WORK ITEM
Using the entries below, say how many of the lines carry "this". Write the number alone.

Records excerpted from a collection
______________________________
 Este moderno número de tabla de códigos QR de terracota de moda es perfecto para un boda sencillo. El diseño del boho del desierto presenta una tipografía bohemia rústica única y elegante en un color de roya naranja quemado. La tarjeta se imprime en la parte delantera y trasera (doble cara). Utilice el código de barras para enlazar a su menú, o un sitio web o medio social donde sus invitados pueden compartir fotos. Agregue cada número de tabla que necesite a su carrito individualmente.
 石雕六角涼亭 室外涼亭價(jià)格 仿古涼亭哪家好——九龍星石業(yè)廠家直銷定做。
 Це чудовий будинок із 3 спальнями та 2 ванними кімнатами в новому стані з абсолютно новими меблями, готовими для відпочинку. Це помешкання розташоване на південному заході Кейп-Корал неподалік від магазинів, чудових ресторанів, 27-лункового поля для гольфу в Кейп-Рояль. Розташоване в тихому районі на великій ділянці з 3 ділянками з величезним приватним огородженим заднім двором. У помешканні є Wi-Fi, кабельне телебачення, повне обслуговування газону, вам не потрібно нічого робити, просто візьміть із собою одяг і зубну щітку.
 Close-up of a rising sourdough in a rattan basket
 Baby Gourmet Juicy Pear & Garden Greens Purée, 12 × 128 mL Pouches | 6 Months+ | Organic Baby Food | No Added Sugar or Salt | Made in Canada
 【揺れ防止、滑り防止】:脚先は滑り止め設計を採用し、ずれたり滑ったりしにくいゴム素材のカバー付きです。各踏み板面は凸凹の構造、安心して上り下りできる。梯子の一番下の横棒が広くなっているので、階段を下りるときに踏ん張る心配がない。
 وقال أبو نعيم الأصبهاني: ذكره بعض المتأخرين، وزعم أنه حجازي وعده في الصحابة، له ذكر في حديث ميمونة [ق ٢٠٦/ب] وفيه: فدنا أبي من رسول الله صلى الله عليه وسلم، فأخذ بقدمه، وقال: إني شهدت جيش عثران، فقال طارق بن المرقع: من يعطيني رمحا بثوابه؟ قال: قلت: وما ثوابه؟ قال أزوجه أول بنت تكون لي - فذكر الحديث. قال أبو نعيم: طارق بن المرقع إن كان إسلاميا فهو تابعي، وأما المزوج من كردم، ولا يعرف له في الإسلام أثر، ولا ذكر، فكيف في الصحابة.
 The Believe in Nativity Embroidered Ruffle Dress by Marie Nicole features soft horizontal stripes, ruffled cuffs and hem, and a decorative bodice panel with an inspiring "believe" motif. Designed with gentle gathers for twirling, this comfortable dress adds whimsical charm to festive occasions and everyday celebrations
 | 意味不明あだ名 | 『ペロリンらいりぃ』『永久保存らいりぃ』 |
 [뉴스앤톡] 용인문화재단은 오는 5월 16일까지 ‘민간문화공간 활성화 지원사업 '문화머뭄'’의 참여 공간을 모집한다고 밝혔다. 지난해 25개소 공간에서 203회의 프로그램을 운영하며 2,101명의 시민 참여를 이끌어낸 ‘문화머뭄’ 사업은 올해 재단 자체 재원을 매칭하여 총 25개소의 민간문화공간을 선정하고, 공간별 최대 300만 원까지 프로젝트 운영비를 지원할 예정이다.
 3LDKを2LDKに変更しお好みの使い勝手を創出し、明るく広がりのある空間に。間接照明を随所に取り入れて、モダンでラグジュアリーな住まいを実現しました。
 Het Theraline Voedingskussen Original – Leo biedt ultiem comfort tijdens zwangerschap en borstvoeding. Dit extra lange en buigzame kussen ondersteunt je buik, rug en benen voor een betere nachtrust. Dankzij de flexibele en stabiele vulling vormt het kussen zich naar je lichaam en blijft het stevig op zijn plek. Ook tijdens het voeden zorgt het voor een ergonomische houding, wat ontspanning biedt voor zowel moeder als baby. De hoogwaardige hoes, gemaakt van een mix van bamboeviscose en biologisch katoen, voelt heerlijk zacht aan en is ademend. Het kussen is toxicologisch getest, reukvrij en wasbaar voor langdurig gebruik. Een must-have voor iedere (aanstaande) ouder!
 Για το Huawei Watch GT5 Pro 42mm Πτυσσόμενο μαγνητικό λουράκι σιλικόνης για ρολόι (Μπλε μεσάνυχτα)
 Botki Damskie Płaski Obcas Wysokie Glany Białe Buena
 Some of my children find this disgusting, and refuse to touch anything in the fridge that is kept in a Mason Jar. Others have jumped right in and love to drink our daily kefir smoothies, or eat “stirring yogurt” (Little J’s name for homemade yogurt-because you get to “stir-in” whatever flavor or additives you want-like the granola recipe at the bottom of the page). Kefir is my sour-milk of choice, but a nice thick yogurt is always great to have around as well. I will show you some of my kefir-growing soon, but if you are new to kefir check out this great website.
______________________________
TASK SOLUTION
2